Heat the bottle of red wine. Meanwhile separate the eggs. Beat the yokes and whites separately, then fold both together (egg whites should be stiff). Put spices in water and heat for afew minutes to release flavor. Now pour all into a punch bowl (er, wassail bowl) along with baked apples. Serve warm.



Adult Drinks

Hot Buttered Rum Mix

1 lb Brown Sugar
1/2 lb salted Butter
1 tsp ground Nutmeg
1 tsp ground Cinnamon
1 tsp ground Cloves
1 tsp ground Cardamom
1 tsp Vanilla

Blend all ingredients in a food processer or mixer and store in the refrigerator. To make a drink add a shot of dark rum along with 1 or 2 TBSP of mix to a mug of very hot water.

Christmas Hot Chocolate

6 TBSP. unsweetened cocoa
6 TBSP. sugar
Pinch of salt
2 1/2 cup milk
2 1/2 cup light cream
1/2 tsp. vanilla (or more)
Rumpelminz or other Peppermint Schnapps
Whipped Cream

Mix cocoa, salt, and sugar. Add milk. Heat to dissolve. Add light cream and vanilla. Heat to just under boiling. Mix very well and pour into warm mug. Stir a shot of Rumpelminz into each glass and top with whipped cream.



Roasted or Boiled Chestnuts

First, select chesnuts with firm, brown, shiny shells, avoiding those that are dull, shrivelled, cracked, or that have any pinholes in them. With a very sharp knife, make an X in each shell so they won't explode during cooking.

To roast over an open fire: put in a popcorn type popper made for use in the fireplace, and cover. Roast a few inches away from the heat source, shaking the pan so they won't char. Cook until skins are black, but not charred -- about 5 to 10 minutes. Peel and eat.

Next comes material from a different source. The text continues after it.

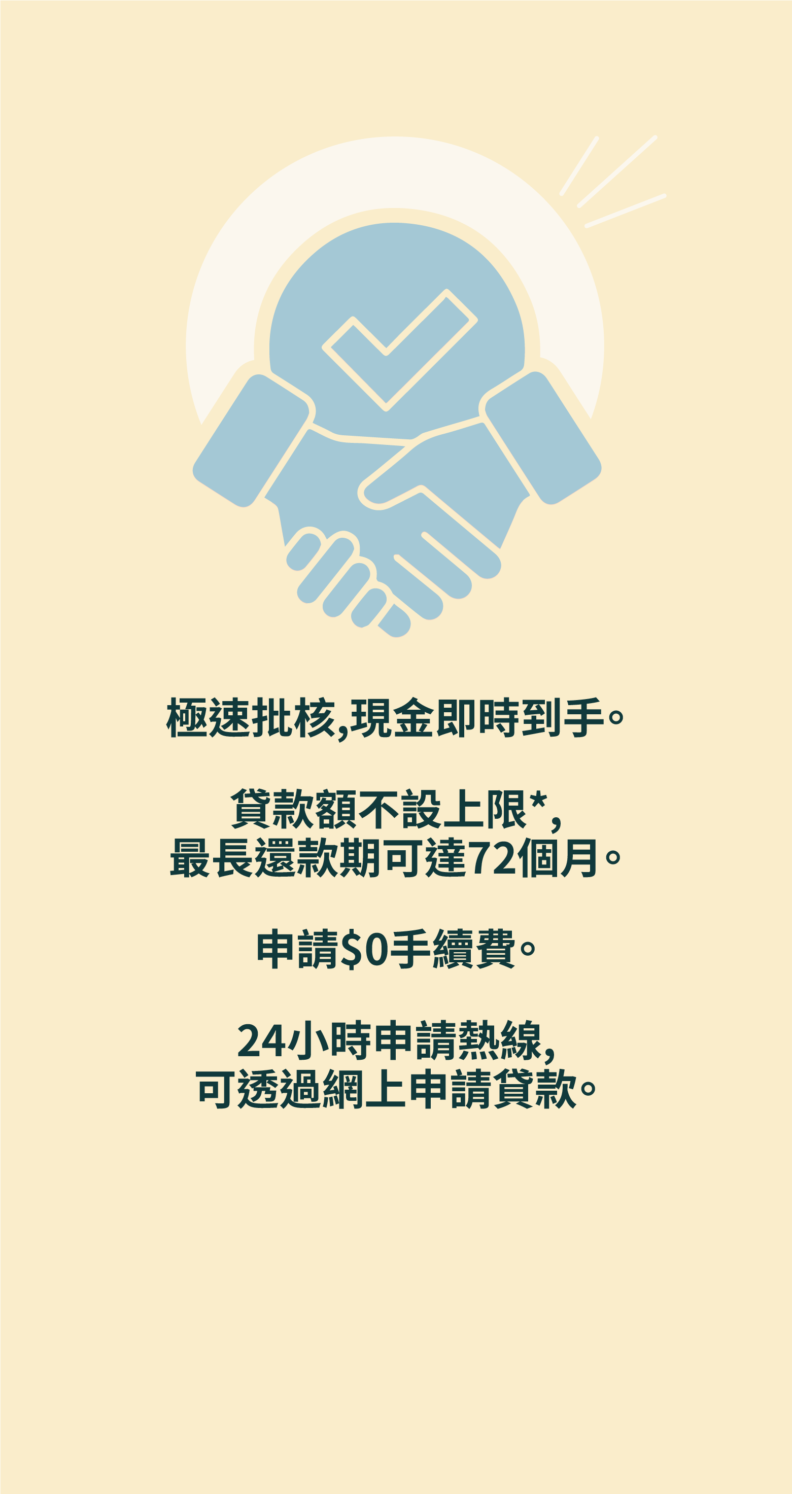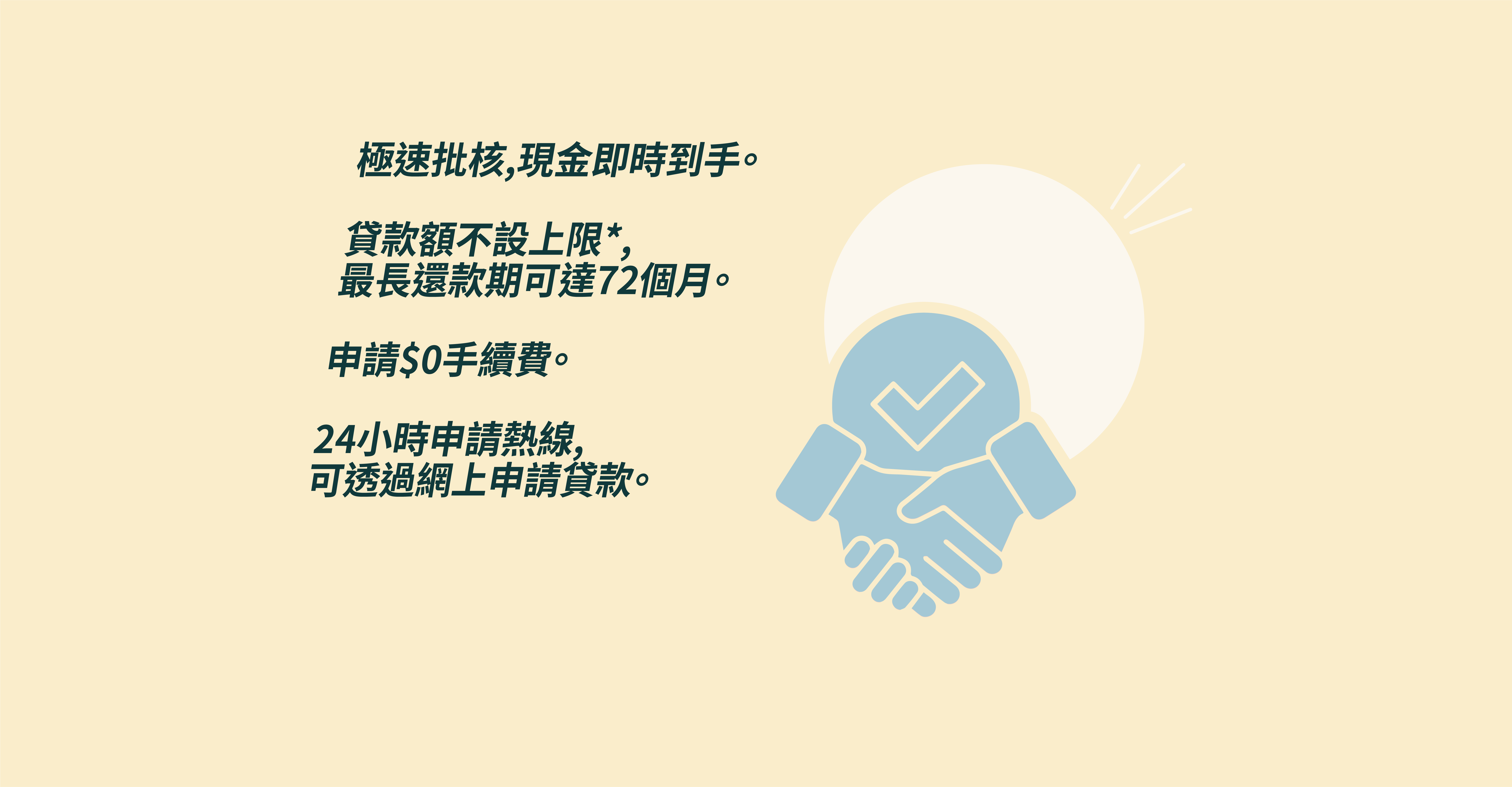 本人/吾等已年滿18歲,聲明本申請表內所載一切資料均屬真實、正確及完整並由本人/吾等親自填寫。本人/吾等已取得上述諮詢人同意,提供他們之資料以作此項貸款申請之用。本人/吾等亦聲明本人/吾等並無意圖於未來12個月內申請破產。

To roast on the stove-top: put them in a chestnut pan (they have holes in the bottom). Sprinkle with water and shake across the burner for about 5-10 minutes. Peel and eat.

To boil: Simply boil for 10 minutes. Peel and eat.



Mince Pie Filling ("Mincemeat" without meat)

Mincemeant pies are supposed to be baked in an oblong shape to recall Jesus' crib. The cinnamon, cloves, and nutmeg are said to symbolize the gifts of the Magi. These pies were once made illegal by Puritan Oliver Cromwell, Lord Chancellor of England, because it was considered a "popish" dish.

3 1/2 pounds small pippin apples (about 7), peeled, cored, chopped
1/2 cup chopped pitted prunes
1/2 cup golden raisins
1/2 cup dried currants
1/2 cup firmly packed dark brown sugar
1/4 cup unsulfured (light) molasses
1/4 cup brandy
1/4 cup orange juice
1/4 cup (1/2 stick) unsalted butter, cut into pieces
2 TBSP dark rum
1 TBSP grated orange peel
1 teaspoon grated lemon peel
1 teaspoon ground cinnamon
1/4 teaspoon ground cloves
1/4 teaspoon ground allspice
1/4 teaspoon ground nutmeg
Pinch of salt

Combine all ingredients in heavy large saucepan or Dutch oven. Cook over low heat until apples are very tender and mixture is thick, stirring occasionally, about 1 1/2 hours. Cool filling completely. (Can be prepared up to 1 week ahead. Cover and refrigerate.) Position rack in lowest third of oven and preheat to 400°F. Pour into pie crust and top with a top crust. Bake until crust is golden brown and mince bubbles, about 40 minutes. Cool completely and serve with whipped cream, hard sauce, or ice cream.



Stollen

3 to 4 cups all-purpose flour
1 teaspoon salt
1/4-ounce packet dry yeast
1/2 cup warm (105° to 115°F) milk
1/3 cup sugar
2 sticks (8 ounces) unsalted butter, melted, plus 4 TBSP, melted
2 TBSP cognac
1 cup blanched almonds, chopped
1 1/2 cups raisins, chopped
1/3 cup mixed candied citrus peel
1 TBSP grated zest of lemon
sifted confectioners sugar

Into a large bowl, sift 3 cups of flour with the salt. In a small bowl, dissolve the yeast in half the milk. Make a well in the center of the flour and salt mixture; then add the yeast and milk, sugar, 2 sticks of butter, and cognac. Mix well to combine, adding enough additional flour to form a smooth, elastic dough.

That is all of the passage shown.